Then, the correction unit 222 transfers the data in which the corrected inference result (correct answer label) in which the inference result by the DNN2 of the image is modified is associated with the image in which the inference is executed in the DNN2 is associated with the data of the server device 20. Generated as cloud re-learning data for DNN2. The correction unit 222 may separately generate the learning data used at the time of re-learning of DNN2 and the data for testing.

The learning data management unit 23 manages the learning data for re-learning of DNN1 and DNN2 generated by the learning data generation unit 22. The learning data management unit 23 has a storage unit 231 and a selection unit 232.

The storage unit 231 stores the edge re-learning data for DNN1 generated by the learning data generation unit 22 in the edge re-learning data database (DB) 251. When there are a plurality of DNN1s, the storage unit 231 stores the edge re-learning data separately for each DNN1. The storage unit 231 stores the cloud relearning data for DNN2 generated by the learning data generation unit 22 in the cloud relearning data DB 252. When there are a plurality of DNN2s, the storage unit 231 stores the cloud re-learning data separately for each DNN2.
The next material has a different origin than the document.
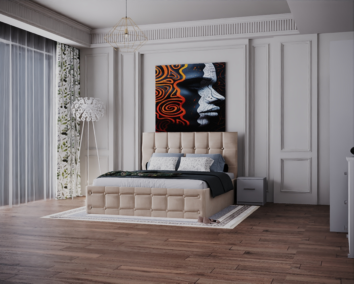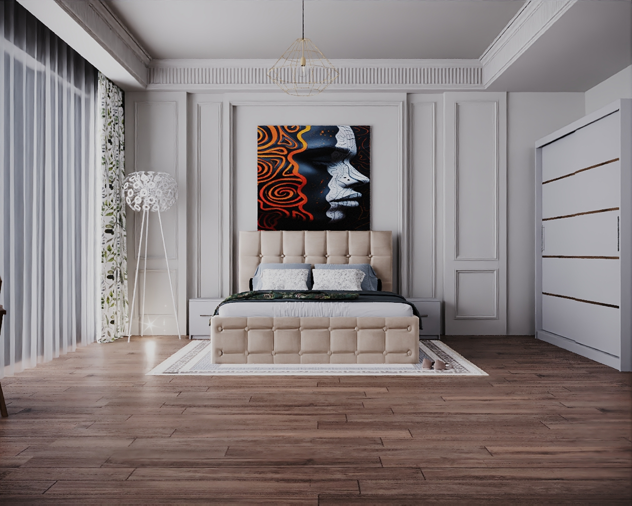 Dormitor Regal cu Pat Tapitat Stofa Bej cu dulap 200*200 usi glisante Alb, noptiere si comoda

When the re-learning unit 24, which will be described later, requests the output of the re-learning data, the selection unit 232 extracts the re-learning data according to the request from the edge re-learning data DB 251 or the cloud re-learning data DB 252. Output to the re-learning unit 24.
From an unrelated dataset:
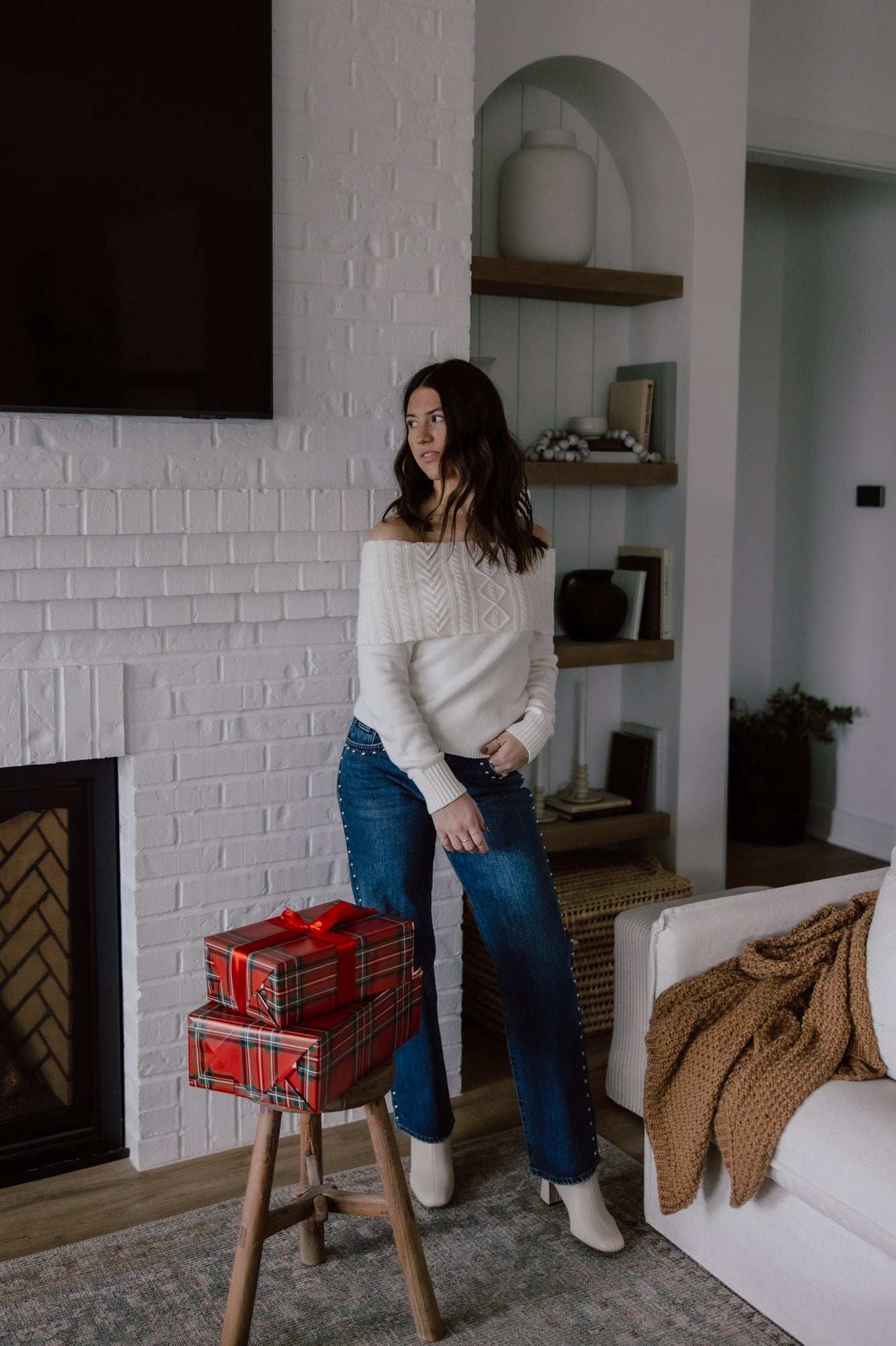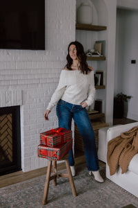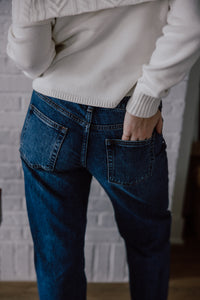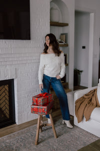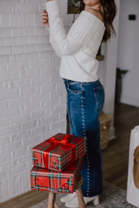 Fun jeans are our love language. Our new studded jeans are a low rise, full length fit with silver studs down the side seams & pockets of each leg. The dark wash, relaxed, straight leg fit are perfect for all of your winter occassions.

The re-learning unit 24 executes re-learning of at least one of DNN1 and DNN2. The re-learning unit 24 has a re-learning determination unit 241 (determination unit) for determining whether or not the re-learning of DNN1 or DNN2 can be executed, and a re-learning execution unit 242 (re-learning unit).
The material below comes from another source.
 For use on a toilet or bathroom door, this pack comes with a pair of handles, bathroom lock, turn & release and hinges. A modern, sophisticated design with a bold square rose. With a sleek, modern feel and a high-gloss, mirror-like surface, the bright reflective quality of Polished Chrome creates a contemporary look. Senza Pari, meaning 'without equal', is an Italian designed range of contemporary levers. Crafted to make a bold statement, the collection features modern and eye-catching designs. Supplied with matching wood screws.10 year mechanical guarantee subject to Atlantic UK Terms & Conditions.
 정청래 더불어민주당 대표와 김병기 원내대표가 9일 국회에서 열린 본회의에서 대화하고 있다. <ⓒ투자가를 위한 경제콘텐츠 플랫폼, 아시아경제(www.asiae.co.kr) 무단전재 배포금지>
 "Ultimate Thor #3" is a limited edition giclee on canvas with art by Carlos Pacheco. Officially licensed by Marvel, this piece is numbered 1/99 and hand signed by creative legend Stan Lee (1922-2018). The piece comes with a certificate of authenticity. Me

The relearning determination unit 241 performs inference in at least one of the edge device 30 and the server device 20 based on the fluctuation of the load or the decrease in the inference accuracy in at least one of the edge device 30 and the server device 20. Judge whether or not the tendency of has changed. Then, the re-learning determination unit 241 determines that the re-learning of DNN1 or DNN2 is executed when it is determined that the tendency of the image group has changed. The re-learning determination unit 241 relearns DNN1 or DNN2 depending on the change from the set value of the offload rate (processing rate in the server device 20), the decrease in inference accuracy, or the amount of training data held. Determine to execute. In addition, when the offload rate drops, the system administrator determines whether to perform re-learning based on the inference accuracy. This is because it is not always necessary to relearn DNN1 when the offload rate decreases. If the offload rate increases, it may be used as a trigger for re-learning DNN1. The server device 20 instructs the execution of the re-learning according to the necessity of the re-learning determined in this way, and the re-learning determination unit 241 executes the re-learning of the DNN1 or the DNN2 according to the instruction. In addition, since DNN2 is often inferred for data offloaded from a plurality of DNN1, it is preferable to perform DNN2 based on a correction rate rather than an offload rate.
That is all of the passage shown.